Обед, подумала она, зардевшись от возмущения. Как они смеют называть обедом эту гнусную стряпню? Ее ежедневно поставляла на съемочную площадку компания, специализировавшаяся на снабжении киносъемок продовольствием. По традиции трапеза была обильной: огромные подносы с ломтями жареной свинины, блюда жареных цыплят, кастрюли спагетти и фрикаделек, чаны картофельного салата, горы жаренных на решетке телячьих ребрышек, блестевших от жира, тарелки сосисок в тесте. Одно блюдо было тяжелей и неудобоваримей другого.

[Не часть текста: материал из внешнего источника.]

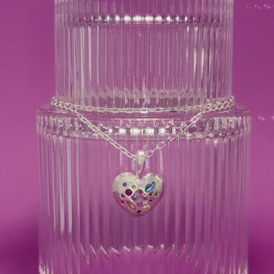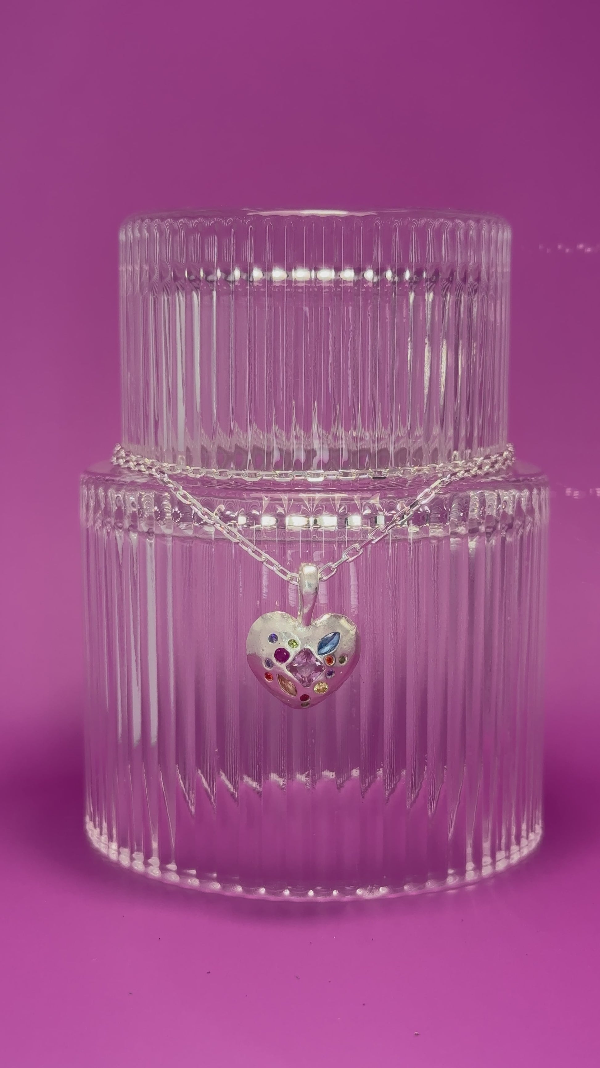 Heart pendant is crafted with precision and adorned with a captivating array of colorful gemstones. Universal symbol of love with a unique twist in design for you or your loved ones ♡

В этом изобилии, предназначенном скорее для водителей-дальнобойщиков, Билли удалось откопать немного желе из концентрата и — о, чудо! — тарелку прессованного творога, украшенного тертой морковью, еду, которую она ненавидела со школьных лет. Но это, по крайней мере, не жареное. Так как Вито уделял обеденные часы совещаниям, она уже два дня ела одна, ужасно стесняясь, а потом решила брать поднос и уходить в фургон.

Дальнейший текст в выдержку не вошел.